**REQUIRED WORK**:
Copy exactly the lines from the line holding "Modern Blue Topaz And Diamond Ring" through the end of the material, and no others; pictures stay out.

**RECORDS SHOWN**:
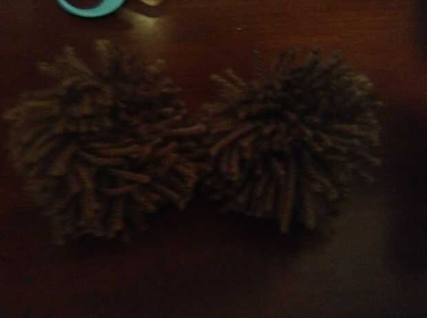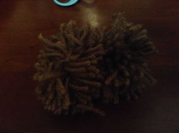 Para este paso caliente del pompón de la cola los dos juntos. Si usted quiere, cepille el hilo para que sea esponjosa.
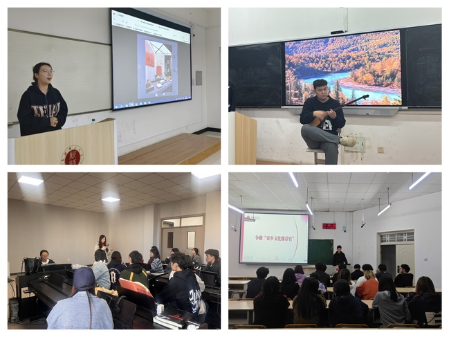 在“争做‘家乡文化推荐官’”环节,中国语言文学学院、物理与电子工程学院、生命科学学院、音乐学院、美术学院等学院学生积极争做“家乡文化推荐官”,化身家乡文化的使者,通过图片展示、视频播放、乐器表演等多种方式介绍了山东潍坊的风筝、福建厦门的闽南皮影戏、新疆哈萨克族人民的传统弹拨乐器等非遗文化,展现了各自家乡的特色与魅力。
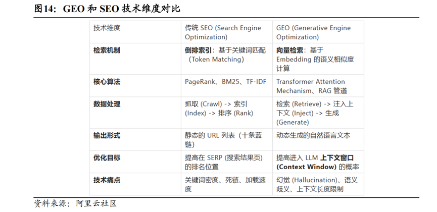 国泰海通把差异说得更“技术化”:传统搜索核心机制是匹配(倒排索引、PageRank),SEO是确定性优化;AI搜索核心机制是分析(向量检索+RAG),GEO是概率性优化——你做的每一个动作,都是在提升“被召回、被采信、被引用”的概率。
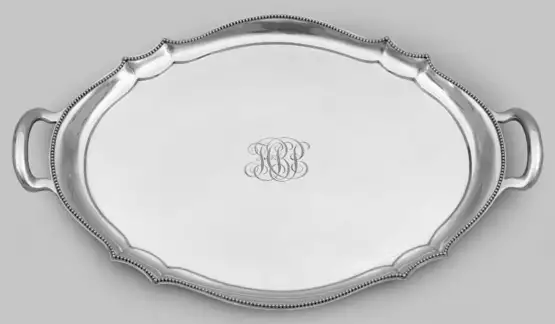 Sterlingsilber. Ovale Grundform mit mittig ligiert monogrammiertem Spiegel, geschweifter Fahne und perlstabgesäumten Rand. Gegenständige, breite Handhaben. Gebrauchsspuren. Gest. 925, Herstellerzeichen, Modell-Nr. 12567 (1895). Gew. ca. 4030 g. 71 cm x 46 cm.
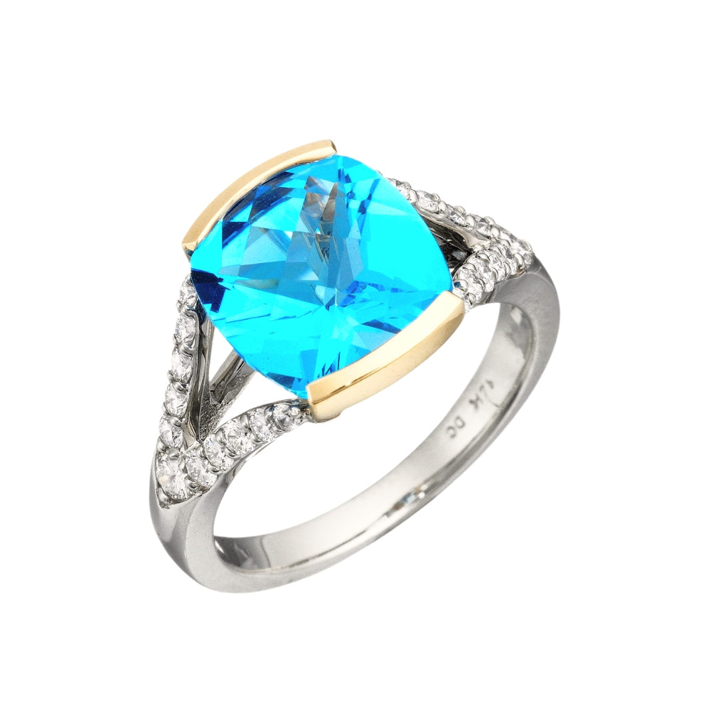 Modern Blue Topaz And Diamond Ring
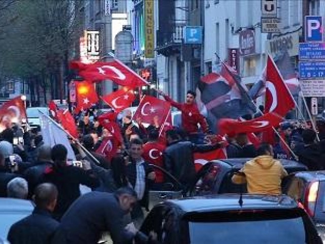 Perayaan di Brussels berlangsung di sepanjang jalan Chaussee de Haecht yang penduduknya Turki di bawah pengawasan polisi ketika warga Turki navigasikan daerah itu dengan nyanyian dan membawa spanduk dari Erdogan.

**TASK RESULT**:
 Modern Blue Topaz And Diamond Ring
 Perayaan di Brussels berlangsung di sepanjang jalan Chaussee de Haecht yang penduduknya Turki di bawah pengawasan polisi ketika warga Turki navigasikan daerah itu dengan nyanyian dan membawa spanduk dari Erdogan.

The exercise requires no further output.